_Task description_
Among the records below, find the line with "L’ANITA – Associazione" and the line with "大谷翔平選手のように年間を通". Set down both and every line between, exactly and with no pictures, but nothing else.

_Data in this exercise_
++++++++++++++++++++

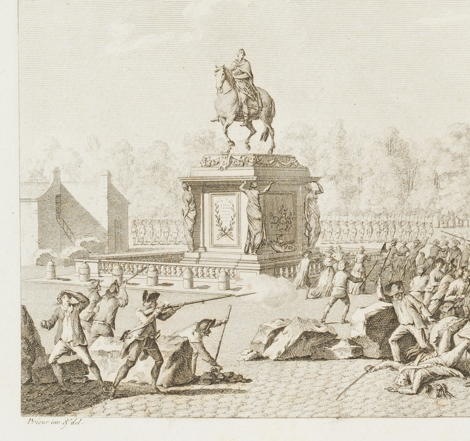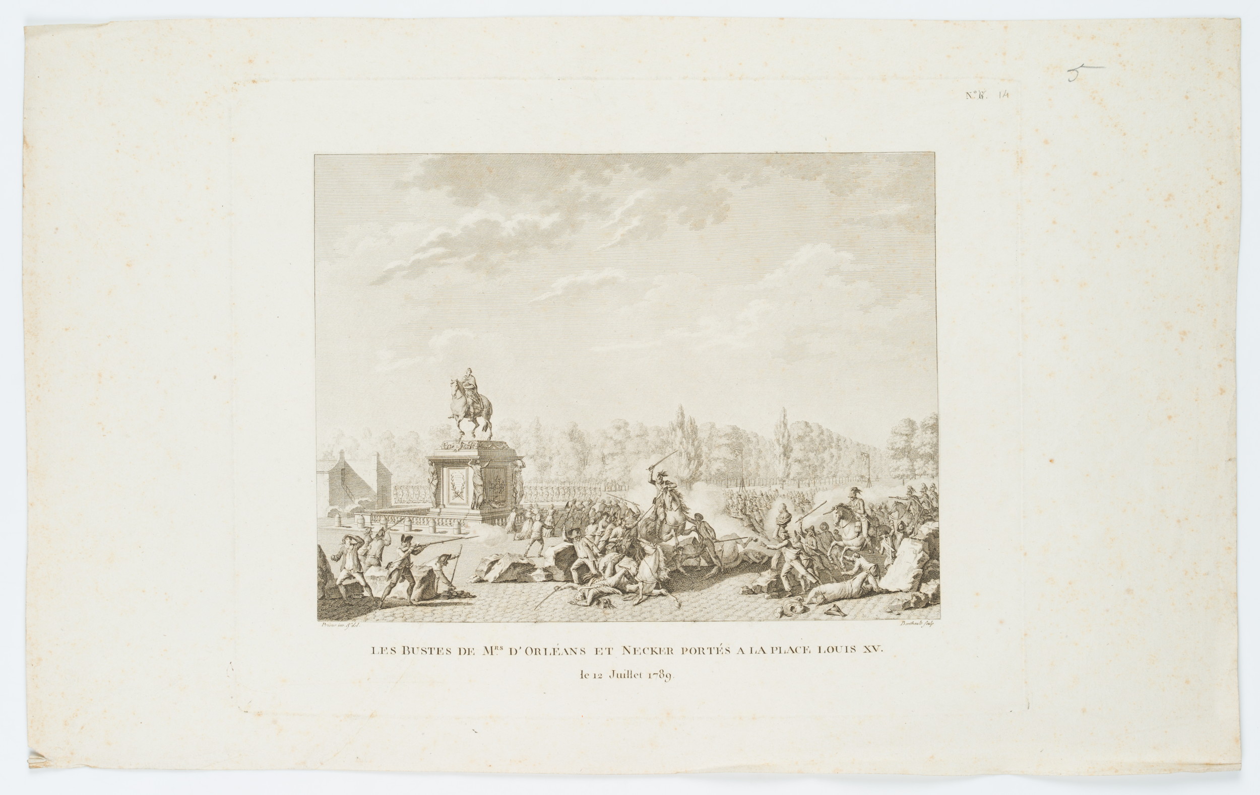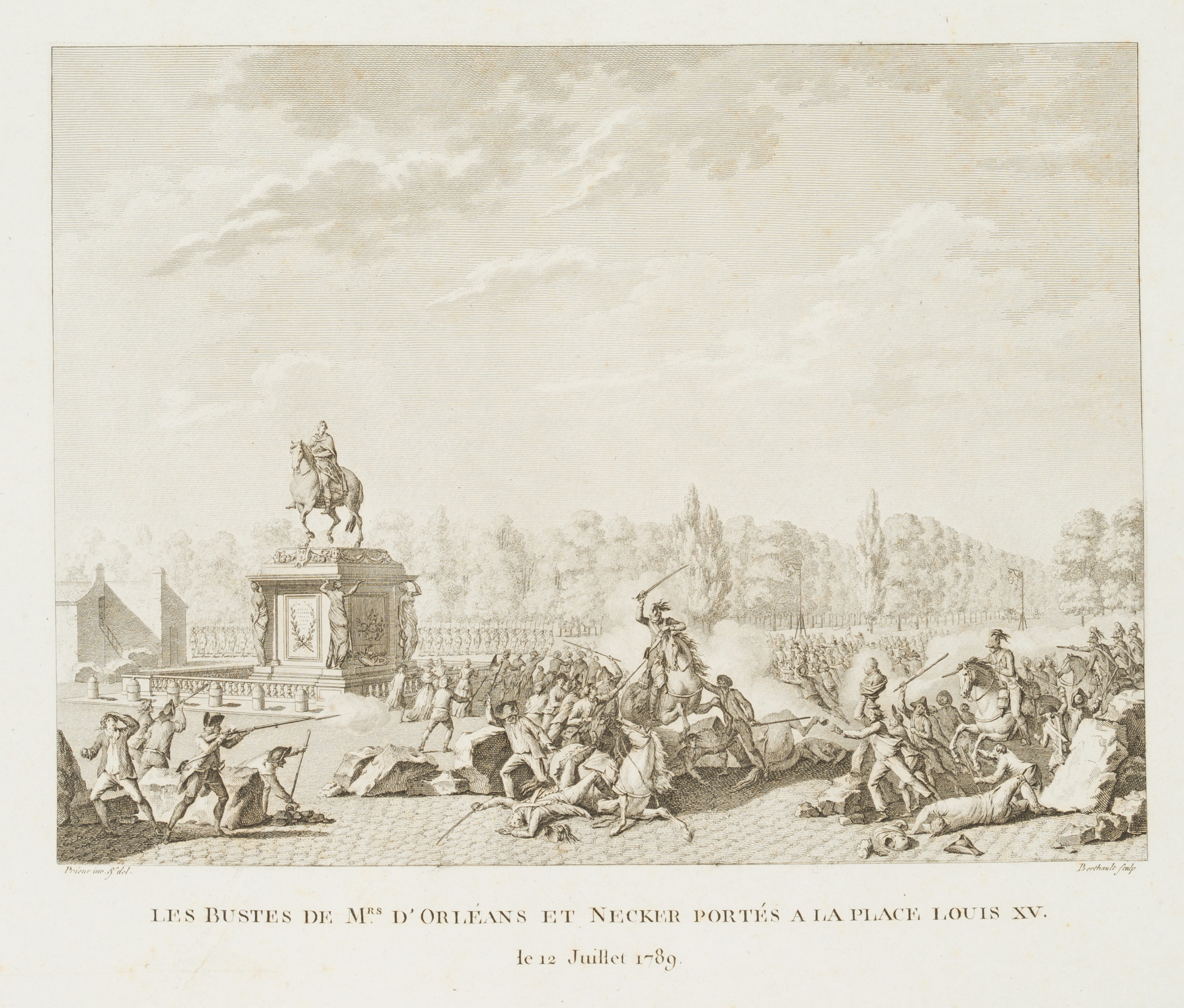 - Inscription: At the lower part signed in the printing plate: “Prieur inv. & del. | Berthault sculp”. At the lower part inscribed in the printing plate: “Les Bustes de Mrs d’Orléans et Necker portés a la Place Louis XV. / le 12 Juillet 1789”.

++++++++++++++++++++

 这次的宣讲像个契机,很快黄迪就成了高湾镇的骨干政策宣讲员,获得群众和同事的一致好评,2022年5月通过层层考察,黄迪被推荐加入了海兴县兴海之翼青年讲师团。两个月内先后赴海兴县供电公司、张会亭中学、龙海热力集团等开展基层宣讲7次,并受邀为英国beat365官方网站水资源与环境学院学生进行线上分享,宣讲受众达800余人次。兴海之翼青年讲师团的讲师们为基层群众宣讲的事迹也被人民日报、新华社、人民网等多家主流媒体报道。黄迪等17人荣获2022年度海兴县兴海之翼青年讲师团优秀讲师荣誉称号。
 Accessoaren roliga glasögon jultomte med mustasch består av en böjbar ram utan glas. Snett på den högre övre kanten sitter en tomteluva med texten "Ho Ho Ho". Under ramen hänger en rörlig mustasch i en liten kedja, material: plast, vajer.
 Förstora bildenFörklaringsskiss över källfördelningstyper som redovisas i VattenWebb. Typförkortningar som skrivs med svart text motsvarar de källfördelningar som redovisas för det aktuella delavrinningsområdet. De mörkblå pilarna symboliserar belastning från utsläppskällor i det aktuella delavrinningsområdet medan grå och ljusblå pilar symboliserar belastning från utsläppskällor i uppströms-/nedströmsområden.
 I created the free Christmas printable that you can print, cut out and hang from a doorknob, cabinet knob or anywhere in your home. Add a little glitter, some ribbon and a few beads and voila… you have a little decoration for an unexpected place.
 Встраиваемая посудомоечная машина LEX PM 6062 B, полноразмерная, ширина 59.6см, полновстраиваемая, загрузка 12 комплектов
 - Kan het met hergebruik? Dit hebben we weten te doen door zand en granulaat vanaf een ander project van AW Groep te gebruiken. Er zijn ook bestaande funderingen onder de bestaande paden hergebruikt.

++++++++++++++++++++

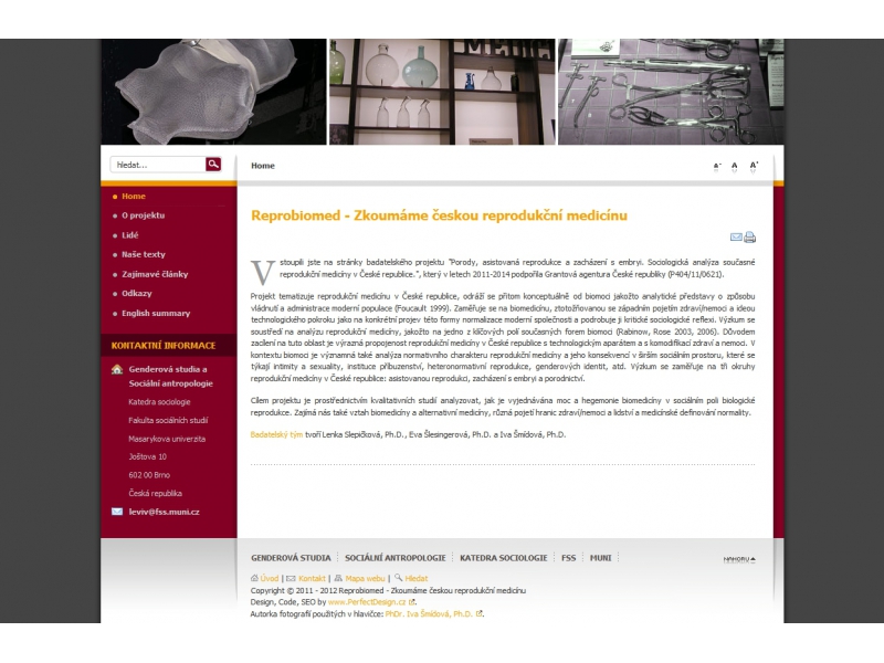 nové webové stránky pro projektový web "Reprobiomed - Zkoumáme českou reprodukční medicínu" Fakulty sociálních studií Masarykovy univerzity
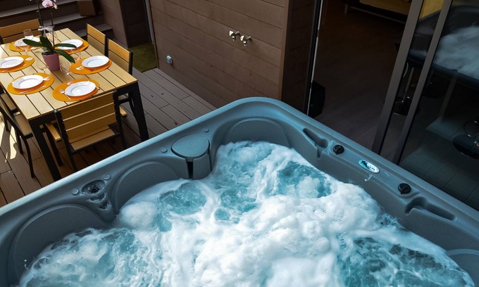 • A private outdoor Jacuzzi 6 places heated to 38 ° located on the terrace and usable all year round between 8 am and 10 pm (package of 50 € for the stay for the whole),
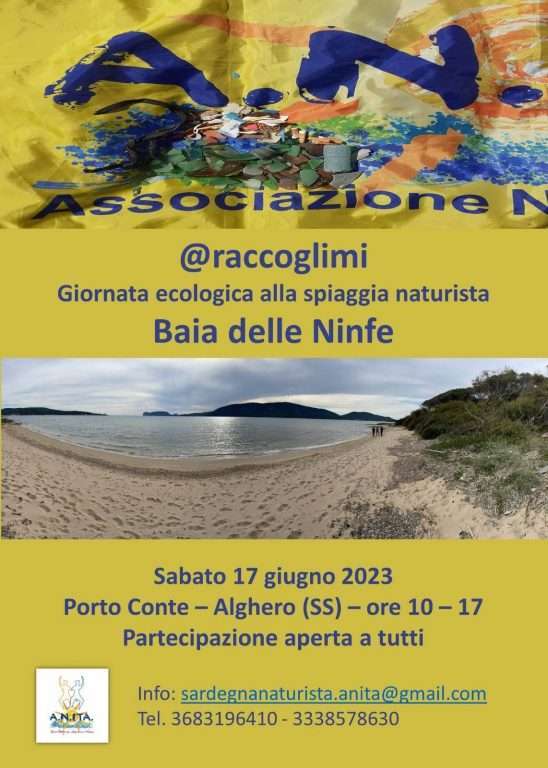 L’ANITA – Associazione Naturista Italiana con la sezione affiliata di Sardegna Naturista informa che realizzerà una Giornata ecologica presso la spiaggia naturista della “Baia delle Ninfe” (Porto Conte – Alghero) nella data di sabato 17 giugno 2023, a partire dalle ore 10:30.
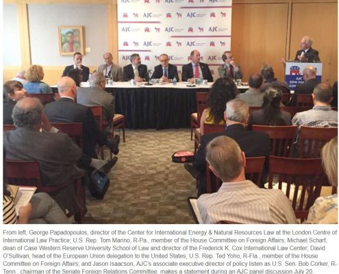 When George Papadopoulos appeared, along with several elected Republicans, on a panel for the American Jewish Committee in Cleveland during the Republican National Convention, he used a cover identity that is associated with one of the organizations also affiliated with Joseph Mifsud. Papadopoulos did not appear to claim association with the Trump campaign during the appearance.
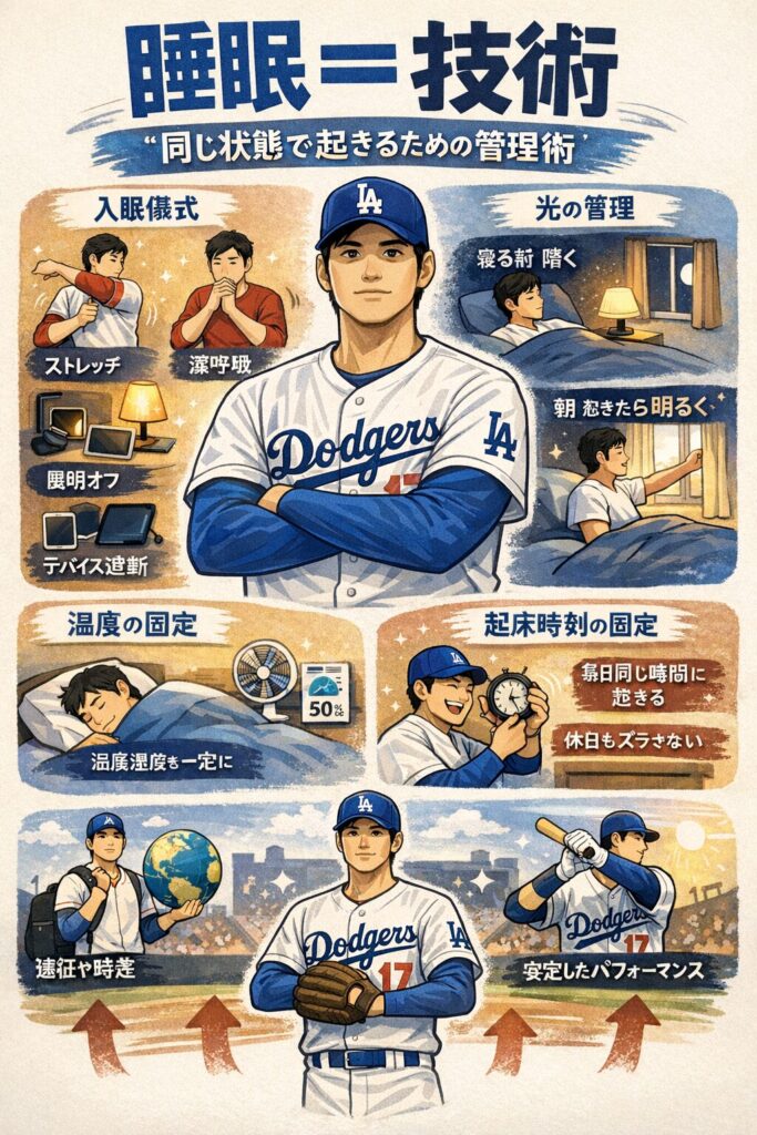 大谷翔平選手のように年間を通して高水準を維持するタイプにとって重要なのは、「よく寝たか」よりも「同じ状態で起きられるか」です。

++++++++++++++++++++

_Exercise response_
 L’ANITA – Associazione Naturista Italiana con la sezione affiliata di Sardegna Naturista informa che realizzerà una Giornata ecologica presso la spiaggia naturista della “Baia delle Ninfe” (Porto Conte – Alghero) nella data di sabato 17 giugno 2023, a partire dalle ore 10:30.
 When George Papadopoulos appeared, along with several elected Republicans, on a panel for the American Jewish Committee in Cleveland during the Republican National Convention, he used a cover identity that is associated with one of the organizations also affiliated with Joseph Mifsud. Papadopoulos did not appear to claim association with the Trump campaign during the appearance.
 大谷翔平選手のように年間を通して高水準を維持するタイプにとって重要なのは、「よく寝たか」よりも「同じ状態で起きられるか」です。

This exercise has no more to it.